The area between the main plate boundary thrust fault and the Great Sumatran fault forms a "sliver plate" that includes the entire offshore forearc, forearc islands, and the portion of Sumatra west of the Great Sumatran fault. This sliver plate is not a single rigid bloc, and the details of its internal deformation are under active investigation.

==Earthquakes==
Listed from northwest to southeast:

- April 2, 1964: M_{w} 7.0 event near the northern tip of Sumatra and the city Banda Aceh.
- September 19, 1936: M_{w} 7.2 event (3.685°N 97.535°E)
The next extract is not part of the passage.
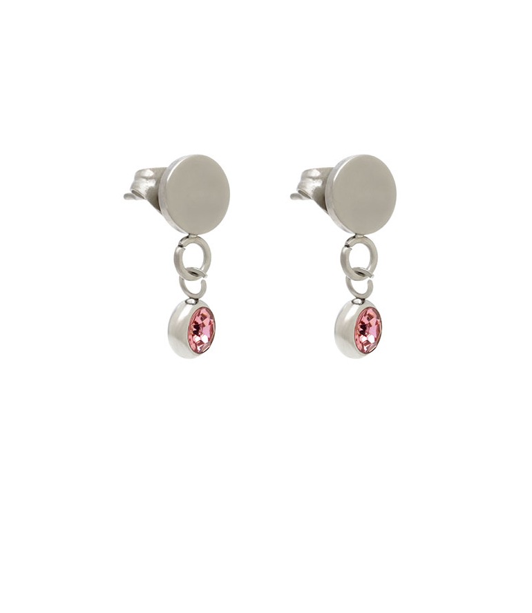 Modelo: Aros de acero modelo colgante con strass color rosa pegado.

- March 2007 Sumatra earthquakes: Doublet earthquakes of moment magnitude 6.4 and 6.3 two hours apart northeast of Lake Singkarak.
- 2022 Sumatra earthquake: A magnitude 6.2 earthquake damaged dozens of homes, offices and a school. Six killed and 32 injured. Felt in Malaysia and Singapore.
- 1926 Padang Panjang earthquakes: Doublet earthquake measuring 6.7 and 6.4. At least 411 people killed.
- 1943 Alahan Panjang earthquakes: Doublet earthquakes of moment magnitude 7.2 and 7.5 occurred within 7 hours of each other on June 8 and 9 southeast of Lake Singkarak.
- 1995 Kerinci earthquake: Moment magnitude 6.8 earthquake, killed at least 84 people and caused 1,868 injuries.
- 1994 Liwa earthquake: 7.0 M_{w} event caused 207 deaths near the southern tip of Sumatra.
- 1933 Sumatra earthquake: M_{w} 7.6 event (5.226°S 104.596°E) southern of Sumatra. More than 76 people killed and extensive damage. Two towns destroyed.